A leitura deste volume,
ainda que pareça muito concentrada em termos de tempo – a dita
“cena alternativa” dos anos 1990 quer em França-Bélgica quer
nos Estados Unidos -, cria na verdade um tecido contínuo entre as
mais variadas experiências históricas, transdisciplinares e mais
integradas na cultura como um todo. Dejasse demonstra claramente como
as estruturas da edição alternativa se associam a mecanismos que
existem desde o século XIX, e como a ligação ao passado, sobretudo
através da criação da própria tradição em que os autores se
desejam integrar, é um factor determinante do seu trabalho (se bem
que Groensteen, correctamente, não deixa de associar muito desses
“olhares para o passado”, como os da L'Association, a uma
nostalgia muito própria; diferente de mais usual e massificada das
nostalgias, é certo, mas nostalgia ainda assim).
Apesar das conquistas
“estéticas”, “cultivadas”, etc., que aconteceram nas últimas
três décadas – a emergência de uma banda desenhada “literária”,
a de experiências, passe o pleonasmo, experimentais mas que
asseguraram a realidade de um campo expandido, a multiplicação de
vozes, a discutível maior circulação e exposição, etc. - em
termos comerciais nem tudo é líquido. E num país como Portugal, as
coisas são ainda mais cinzentas, senão mesmo deprimentes, já que
não nos podemos comparar a mercados como o francês, o americano, o
japonês, ou mesmo o espanhol, o brasileiro e o coreano. É ainda
Groensteen que, de uma lucidez magnífica, escreve o seguinte:
“contrariamente àquilo que um epifenómeno ilusório como o
triunfo de Persepolis pode levar a fazer acreditar, o mercado
não estava na verdade tão evoluído assim” (172). Transponha-se
isso para o caso português, em que o sucesso de vendas de títulos
tão importantes no avanço ou uma certa maturidade desta disciplina
expressiva como Maus (em um só volume), Fun Home,
Rugas, Blankets, Persepolis, Cachalote, O
homem que caminha, O gato do rabi (para ficarmos por
títulos internacionais), não é de forma alguma garantido, para
demonstrar que o conservadorismo intrínseco dos círculos da banda
desenhada não são conducentes a uma sua maior expansão crítica,
comercial e até mesmo referencial. Parte dos problemas poderão ter
a ver com canais de distribuição (escasssos), estratégias de
divulgação e publicidade (ou a sua ausência, na maioria dos
casos), integração cultural (inexistente), autonomia da edição
(por vezes diluída), recepção crítica (risível), ou por serem
vítimas de “invisibilidade” face a projectos de maior “ruído
fanático”, mas o futuro o dirá, confirmando isso ou não, assim
como novas experiências prometidas criarão inflexões, e apenas um
estudo específico e sociológico o demonstraria.
Contudo, e para concluir,
independentemente dessas continuidades e integrações, e dessas
crises perenes, fará sentido em utilizar o termo “alternativo”
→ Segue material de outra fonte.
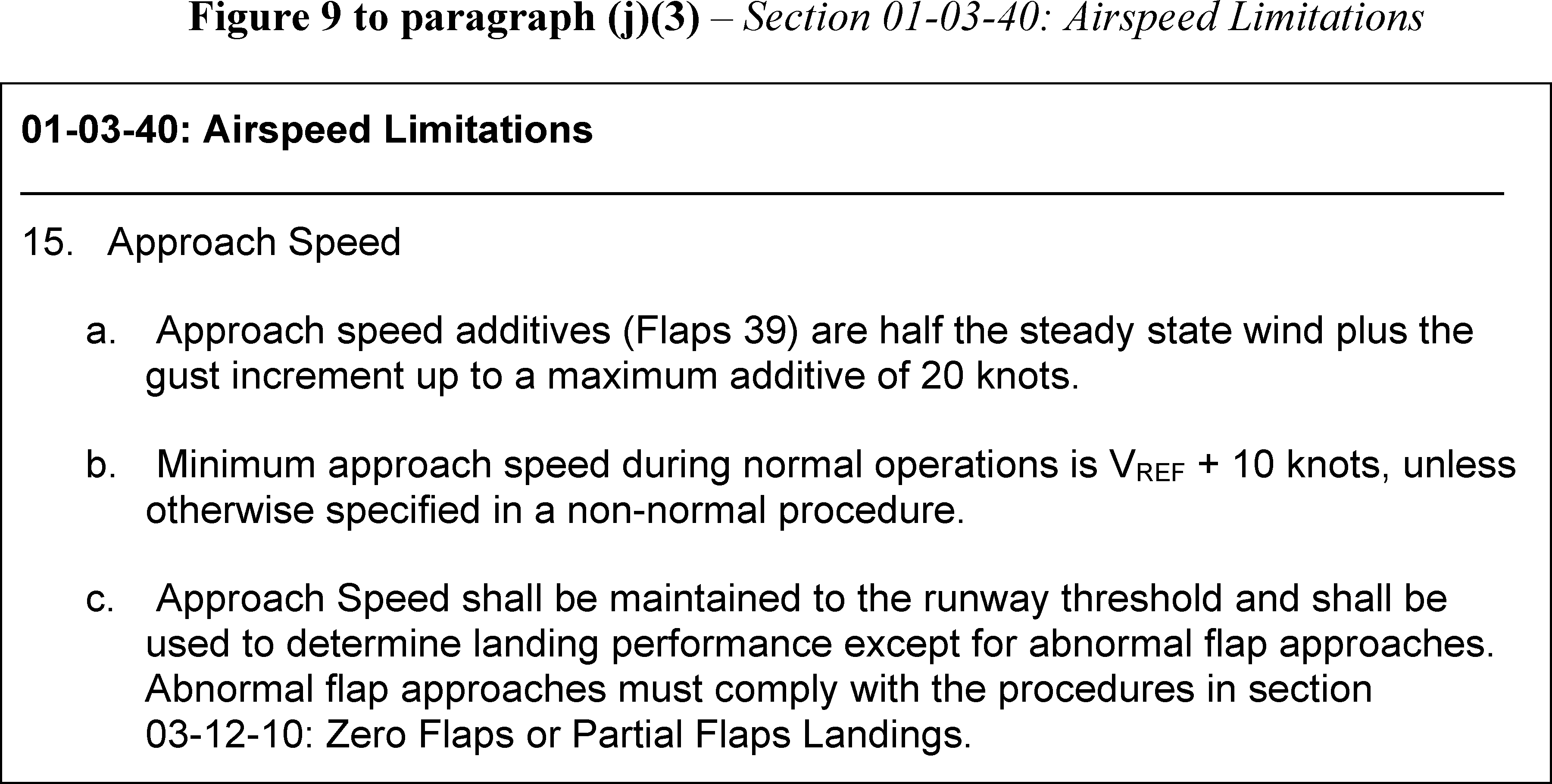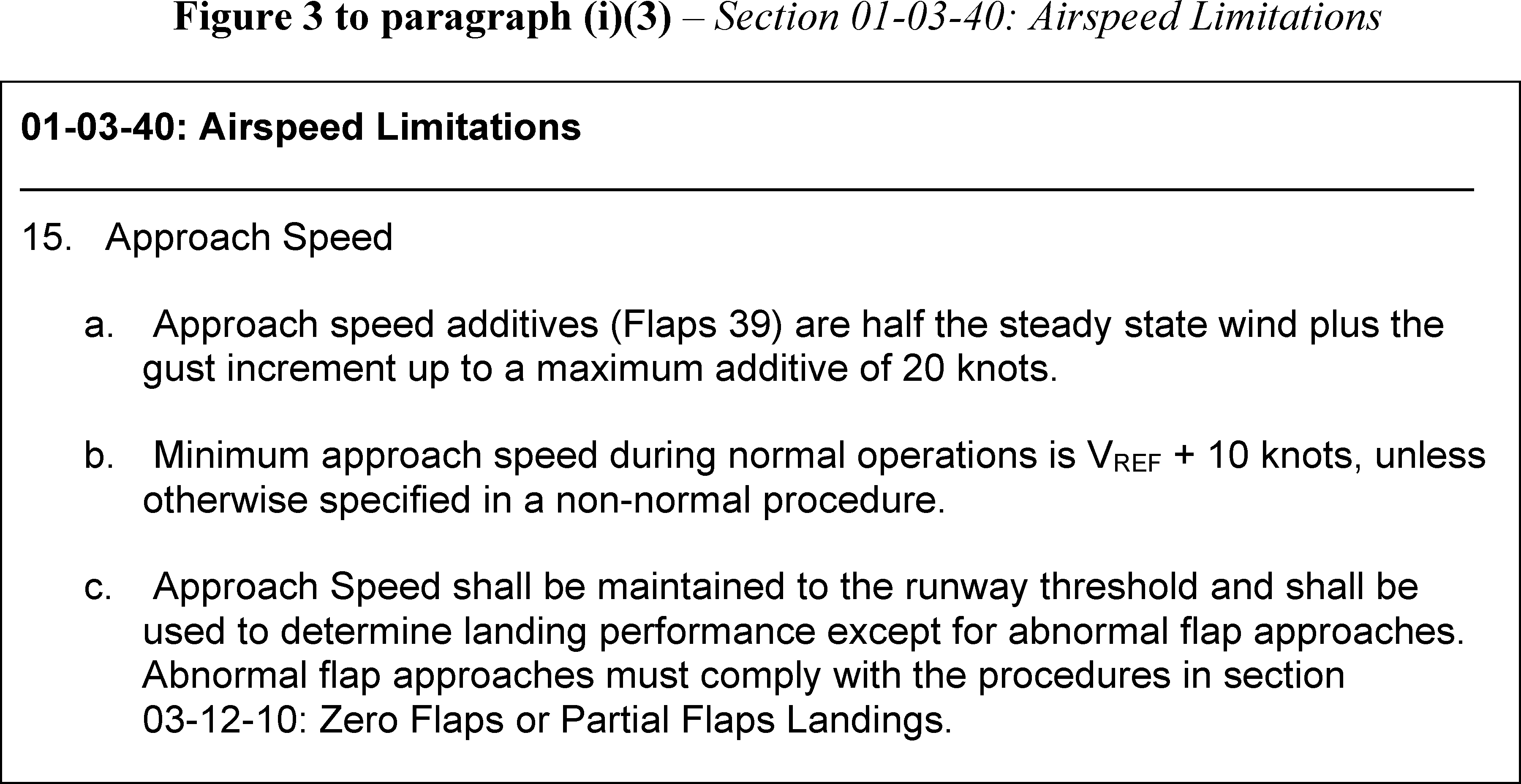 Step 15., “Approach Speed,” of Section 01-03-40, “Airspeed Limitations,” of Chapter 01, “LIMITATIONS.”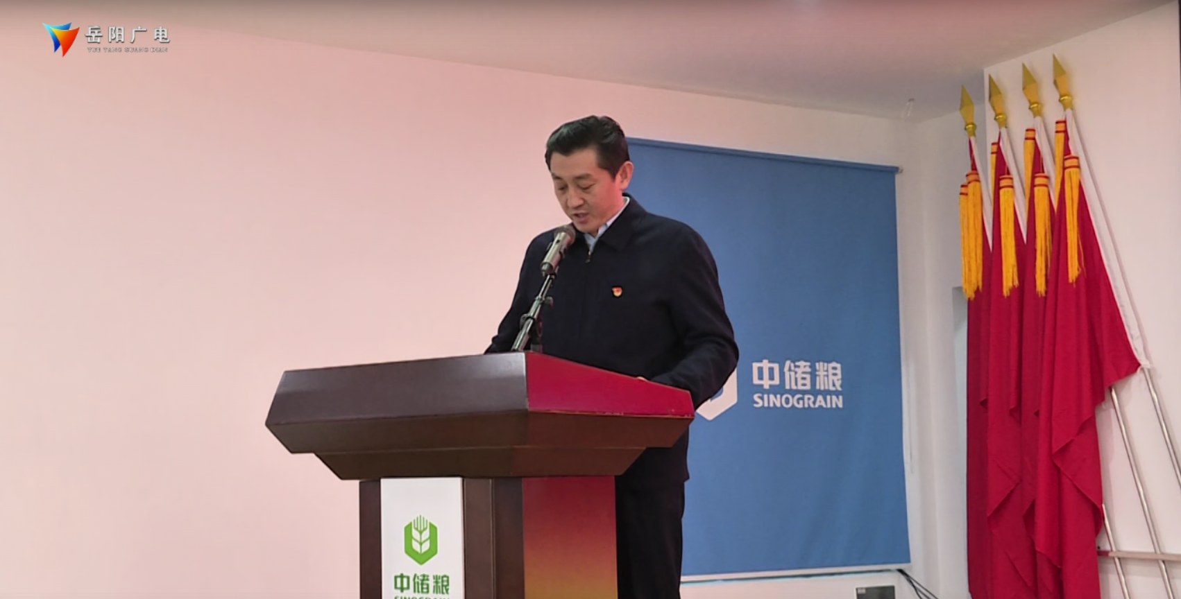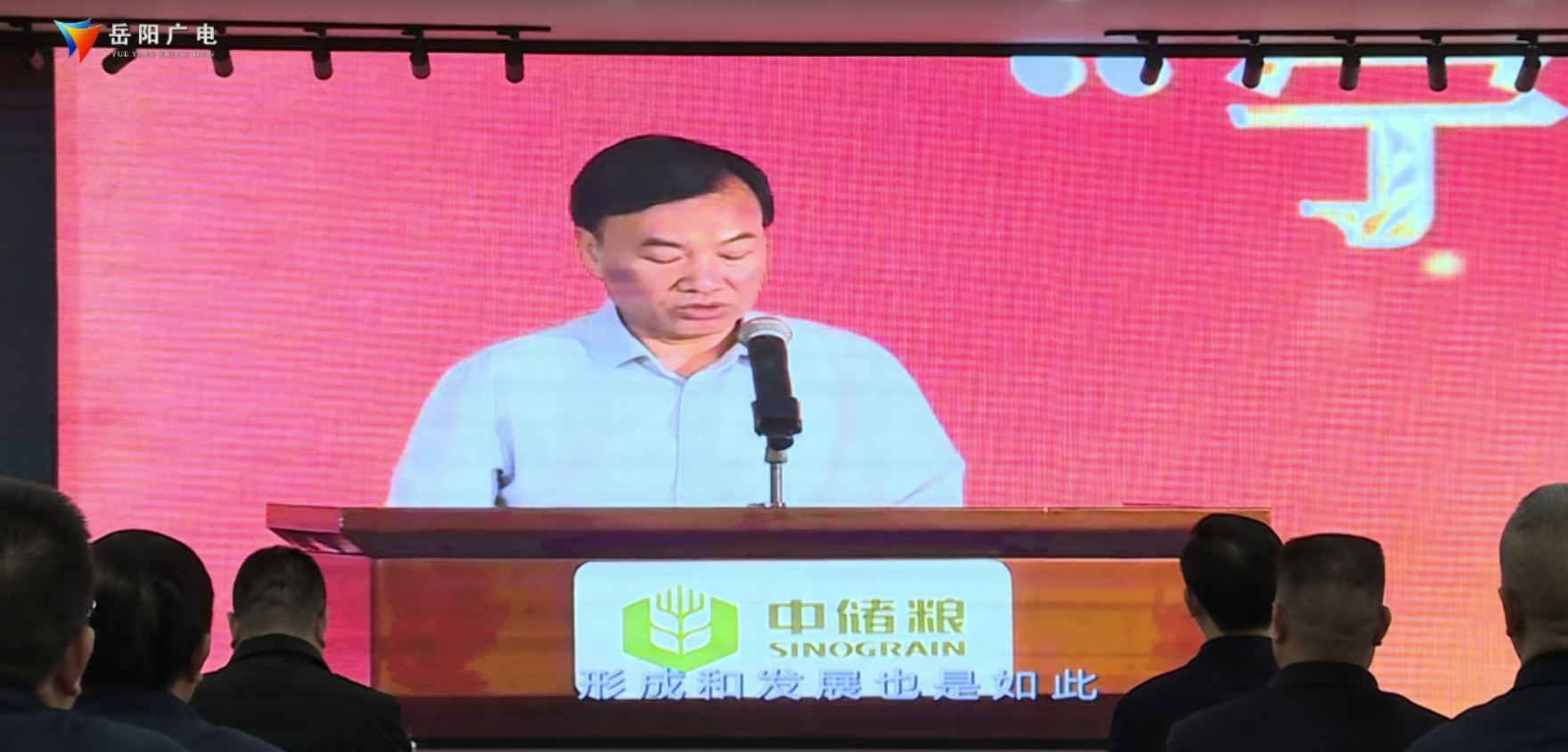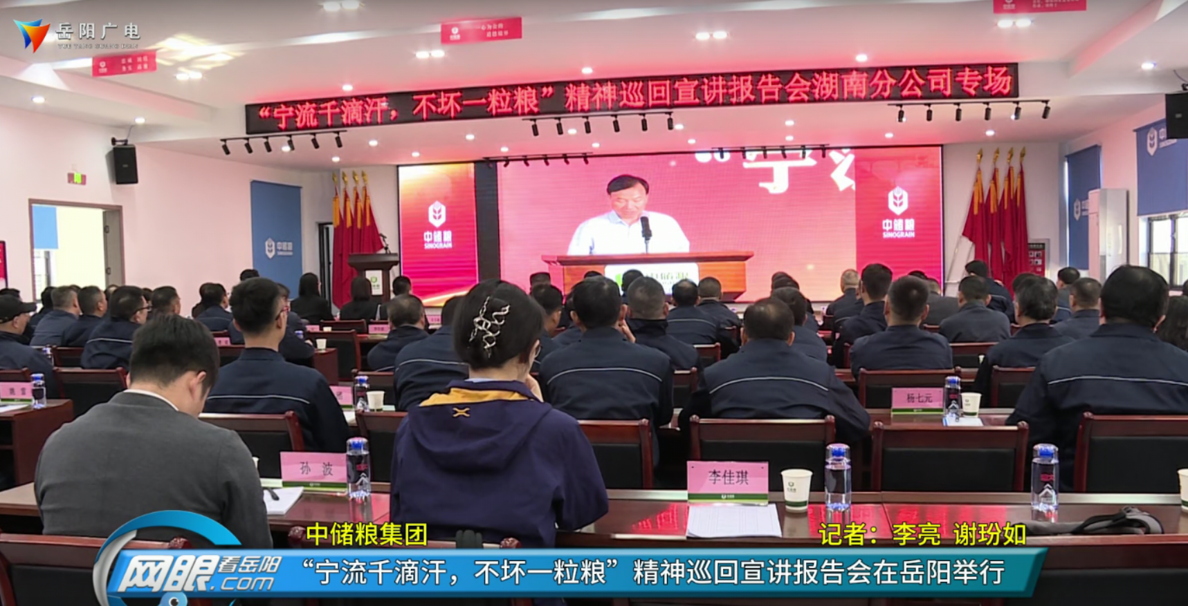 岳阳广电全媒体讯(记者:谢玢如 通讯员:孙忠 李佳琪)11月29日,中储粮集团公司“宁流千滴汗,不坏一粒粮”精神巡回宣讲报告会在岳阳直属库举行。湖南分公司党委副书记、副总经理翟金伟出席活动,中储粮湖南分公司辖区1400余名干部员工以现场或者观看线上直播的方式参加活动。

(ou “dissidente”) para falar de obras, autores, e até mesmo de
plataformas editoriais que procuram um caminho distinto daqueles que
se integram desde logo em géneros pré-existentes, estruturas
narrativas expectáveis, papéis sócio-culturais padronizados? Claro
que sim. Talvez até mesmo com alguma urgência, face precisamente à
expectável “recuperação” ou até mesmo “comodificação”
de todo e qualquer bem cultural... No artigo de Habrand, cita-se um
texto assinado pelo colectivo da La Cinquième Couche, parte da
Autarcic Comix, no qual eles garantem que aqueles movimentos
editoriais não pretendiam “fazer contra-cultura, mas exprimir a
sua cultura com meios que escapam aos clichés, de se exprimir no
seio da cultura, e não nas suas margens” (54). Nem mais.
Nota final: agradecimentos
aos editores do livro, pela oferta do mesmo.